Джеральд Симпсон насмехался над ней, над ее вылазками в город, над ее дружбой с женами рыбаков, с людьми на рынке. А после того как она заступилась за каторжников, копавших бассейн, смотрел на нее с презрением и злобой. Она вела себя не как супруга чиновника, которая прячется за своими garden-parties[42], укрывается под зонтиком, надзирая за суетой слуг. В Клубе Джеффри приходилось сносить иронический взгляд Симпсона, его колкости. Каждый знал, что положение агента компании «Юнайтед Африка» становилось все хуже и хуже из-за донесений D. О. «Каждому свое место» — таков был девиз Симпсона. Колониальное общество представлялось ему жесткой постройкой, где каждому отведена своя роль. Себе, разумеется, вместе с резидентом и судьей, он отводил самую важную роль, считал, что он тот камень, что венчает свод. «Weather cock, флюгарка!» — поправлял Джеффри. Джеральд Симпсон не мог простить May ее независимости, ее воображения. На самом деле он боялся критического взгляда, которым она смотрела на него. И решил, что они с Джеффри должны уехать из Оничи.
Отношения в Клубе становились все более натянутыми. Быть может, все ожидали, что Джеффри сам примет решение, отречется от нежелательной чужачки, отправит ее домой, в ту латинскую страну, чей акцент и манеры она сохранила вместе с чересчур смуглой кожей. Резидент Ралли пытался предупредить Джеффри. Он знал о неприязни Симпсона к May. «Вы хоть представляете себе толщину досье, которое накопилось на вас в Лондоне?» И он добавил, поскольку знал все: «Можете не сомневаться… Симпсон пишет по рапорту в неделю. Вам надо немедленно просить о переводе».
Джеффри задыхался от несправедливости. Вернулся домой подавленным: «Ничего не поделаешь. Думаю, они сами поручили ему объявить мой приговор».
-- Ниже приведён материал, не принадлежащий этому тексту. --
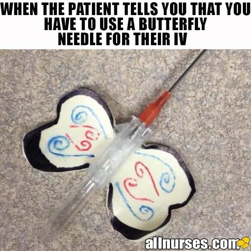 So, I requested that a note be made in my chart, summoning my angel nurse of butterfly needles to do those early 7:30 a.m. honors.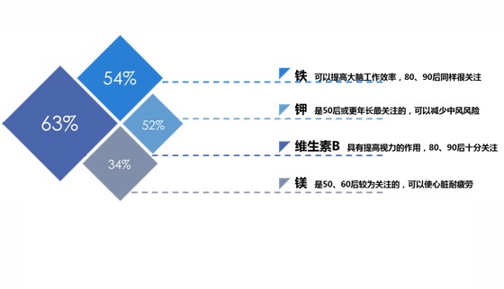 調(diào)查結(jié)果顯示,消費者除關注蛋白質(zhì)和鈣兩項營養(yǎng)指標外,對維生素B、鐵和鉀元素的關注度也較高,希望可以標注在包裝上。年輕人更多地將液態(tài)奶作為早餐飲品,老年人更多地將液態(tài)奶作為睡前飲品。

Было начало сезона дождей. Большая река становилась свинцовой под тучами, ветер яростно гнул верхушки деревьев. May больше не выходила из дома во второй половине дня. Сидела на веранде, слушая, как грозы поднимаются далеко вверх, к истокам Омеруна. Зной крошил красную землю перед дождем. Воздух дрожал над железными крышами. Со своего места May могла видеть реку, острова. У нее уже не было желания ни писать, ни даже читать. Ей хотелось только смотреть, слушать, словно время не имело никакого значения.
Вдруг она поняла, что именно познала, приехав сюда, в Оничу, и никогда не смогла бы познать в другом месте. Неспешность, вот что, очень долгое и плавное движение — так река несет свои воды к морю, так плывет облако, так разливается духота послеполуденных часов, когда свет наполняет дом, а железные крыши раскаляются, словно стенки печи. Жизнь замирает, время тяжелеет. Все становится неясным, только вода течет, жидкий ствол с множеством ветвей — родников и ручьев, сокрытых в лесу.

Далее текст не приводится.